Leaving out the pictures, please retype each record exactly.
INPUT DATA section start
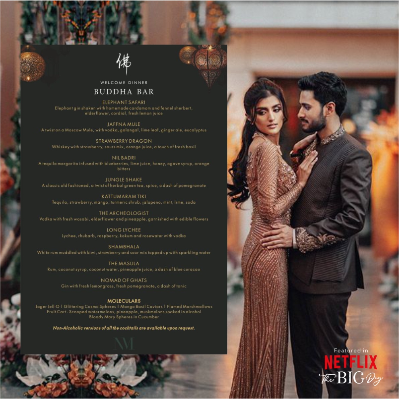 The Big Day episode featured Nikhita and Mukund enjoying and celebrating their wedding in the most luxurious way with Indian culture inspired welcome dinner, Alice in Wonderland theme Mehendi, Bollywood themed Cocktail part, a traditional day wedding followed by a Victorian Reception Dinner. The different events featured flame throwers, dreamy photobooths, Fabergé-style eggs, servers dressed in ballgowns and so on. The welcome dinner venue also boasted of the couple’s wedding logo showcased on a large projector with a large Buddha statue in front of it.
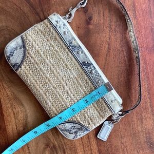 EUC Coach Hamptons wristlet in silver metallic python leather and straw. Very little wear and no flaws, please see photos for description and approx. measurements. A great little summer bag ☀️
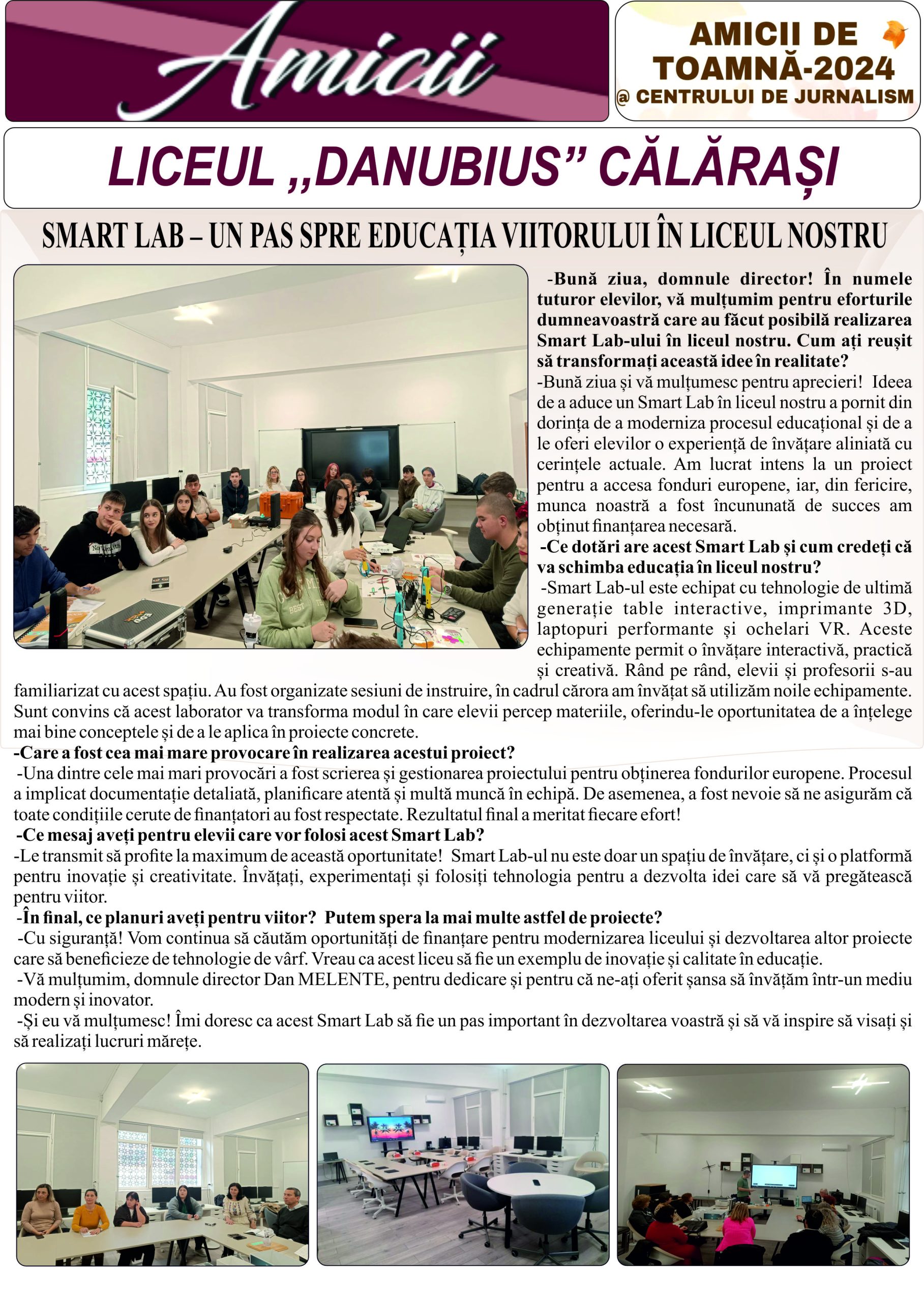 – Bună ziua, domnule director! În numele tuturor elevilor, vă mulțumim pentru eforturile dumneavoastră care au făcut posibilă realizarea Smart Lab-ului în liceul nostru. Cum ați reușit să transformați această idee în realitate? – Bună ziua și vă mulțumesc pentru aprecieri! Ideea de a aduce un Smart Lab în liceul nostru a pornit din dorința …
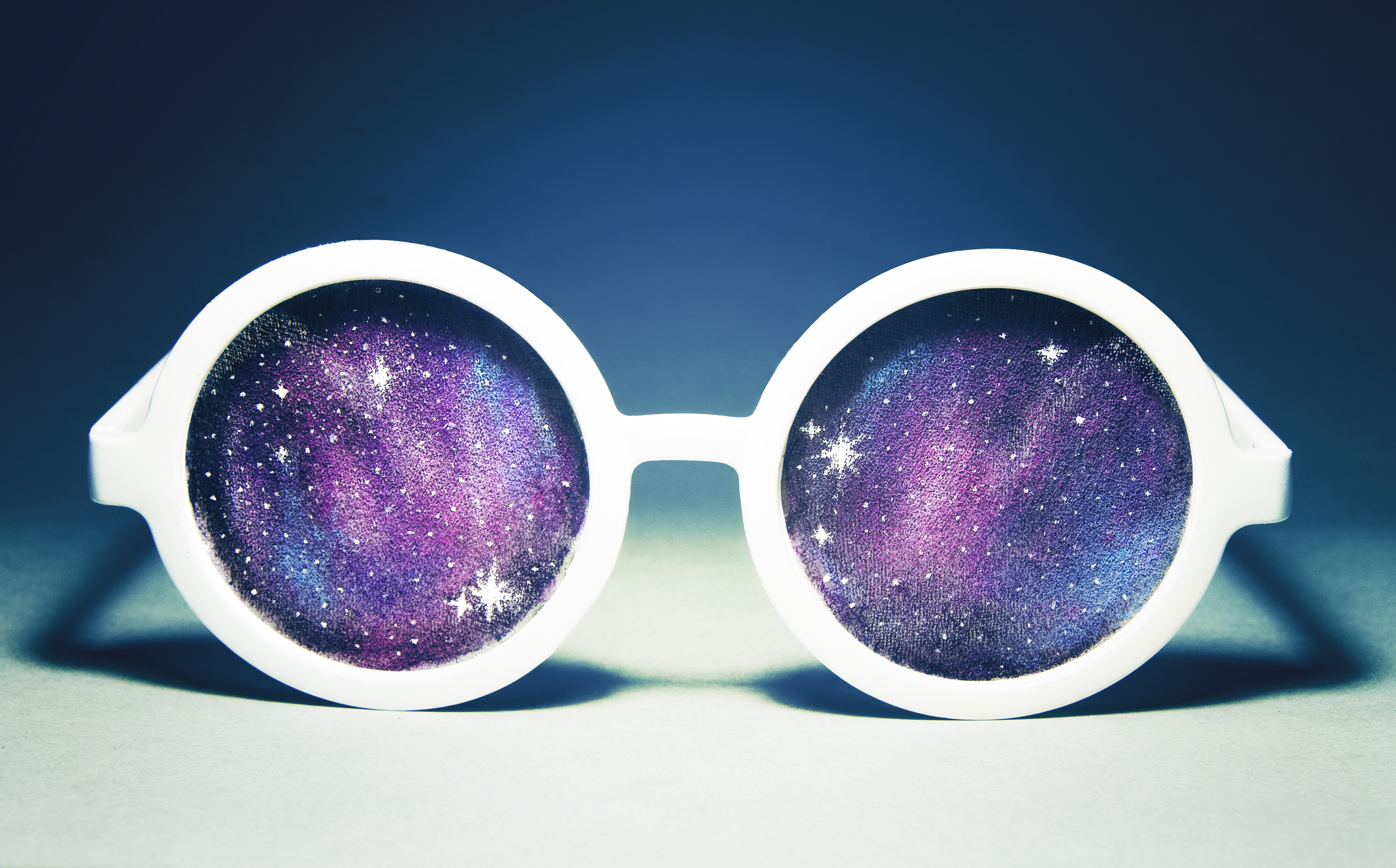 ![]() ![]() ![]() As for the glasses... I made them! They're an easy Do-It-Yourself. I bought white nylons and cut them out to replace the lenses, and then I painted them space themed. Depending on the nylons, you'll have to stretch them out over the frame based on your preferences: the more stretched they are, the more clear you can see through them, but the less clear your painting will look! It's all about balance. I think they're rad. |
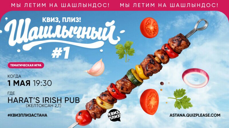 Какая вкусная получилась игра: не пересушили, не пережарили и сырой не оставили. Спросим вас про всё, что связано с выездом на шашлыки: что взять в дорогу, что добавить в маринад и о чём говорить около мангала. Это даже лучше отдыха на свежем воздухе, ведь на этой игре вы почувствуете запах шашлыка и костра, но дым наконец-то не будет попадать в глаза. Захотелось? Тогда собирайте команду «шампура и углей» и приходите на наш интеллектуальный пикничок.
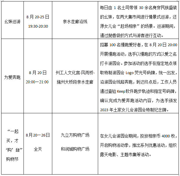 活動(dòng)地點(diǎn):三立時(shí)代廣場(chǎng)至風(fēng)雨橋親水走廊沿線(xiàn)、風(fēng)雨橋廣場(chǎng)、鳳凰山森林公園廣場(chǎng)
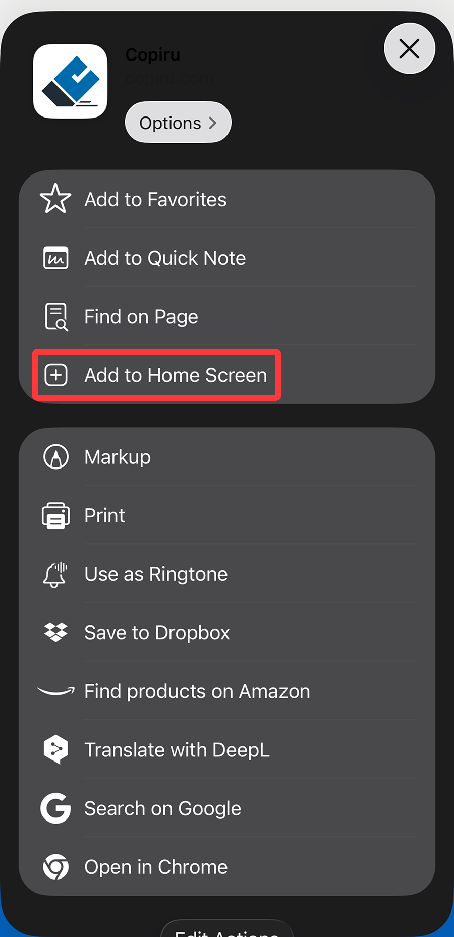 - From the menu that appears, select “More,” then “Add to Home Screen.”
INPUT DATA section end
# OUTPUT FOR THIS EXERCISE
 The Big Day episode featured Nikhita and Mukund enjoying and celebrating their wedding in the most luxurious way with Indian culture inspired welcome dinner, Alice in Wonderland theme Mehendi, Bollywood themed Cocktail part, a traditional day wedding followed by a Victorian Reception Dinner. The different events featured flame throwers, dreamy photobooths, Fabergé-style eggs, servers dressed in ballgowns and so on. The welcome dinner venue also boasted of the couple’s wedding logo showcased on a large projector with a large Buddha statue in front of it.
 EUC Coach Hamptons wristlet in silver metallic python leather and straw. Very little wear and no flaws, please see photos for description and approx. measurements. A great little summer bag ☀️
 – Bună ziua, domnule director! În numele tuturor elevilor, vă mulțumim pentru eforturile dumneavoastră care au făcut posibilă realizarea Smart Lab-ului în liceul nostru. Cum ați reușit să transformați această idee în realitate? – Bună ziua și vă mulțumesc pentru aprecieri! Ideea de a aduce un Smart Lab în liceul nostru a pornit din dorința …
 ![]() ![]() ![]() As for the glasses... I made them! They're an easy Do-It-Yourself. I bought white nylons and cut them out to replace the lenses, and then I painted them space themed. Depending on the nylons, you'll have to stretch them out over the frame based on your preferences: the more stretched they are, the more clear you can see through them, but the less clear your painting will look! It's all about balance. I think they're rad. |
 Какая вкусная получилась игра: не пересушили, не пережарили и сырой не оставили. Спросим вас про всё, что связано с выездом на шашлыки: что взять в дорогу, что добавить в маринад и о чём говорить около мангала. Это даже лучше отдыха на свежем воздухе, ведь на этой игре вы почувствуете запах шашлыка и костра, но дым наконец-то не будет попадать в глаза. Захотелось? Тогда собирайте команду «шампура и углей» и приходите на наш интеллектуальный пикничок.
 活動(dòng)地點(diǎn):三立時(shí)代廣場(chǎng)至風(fēng)雨橋親水走廊沿線(xiàn)、風(fēng)雨橋廣場(chǎng)、鳳凰山森林公園廣場(chǎng)
 - From the menu that appears, select “More,” then “Add to Home Screen.”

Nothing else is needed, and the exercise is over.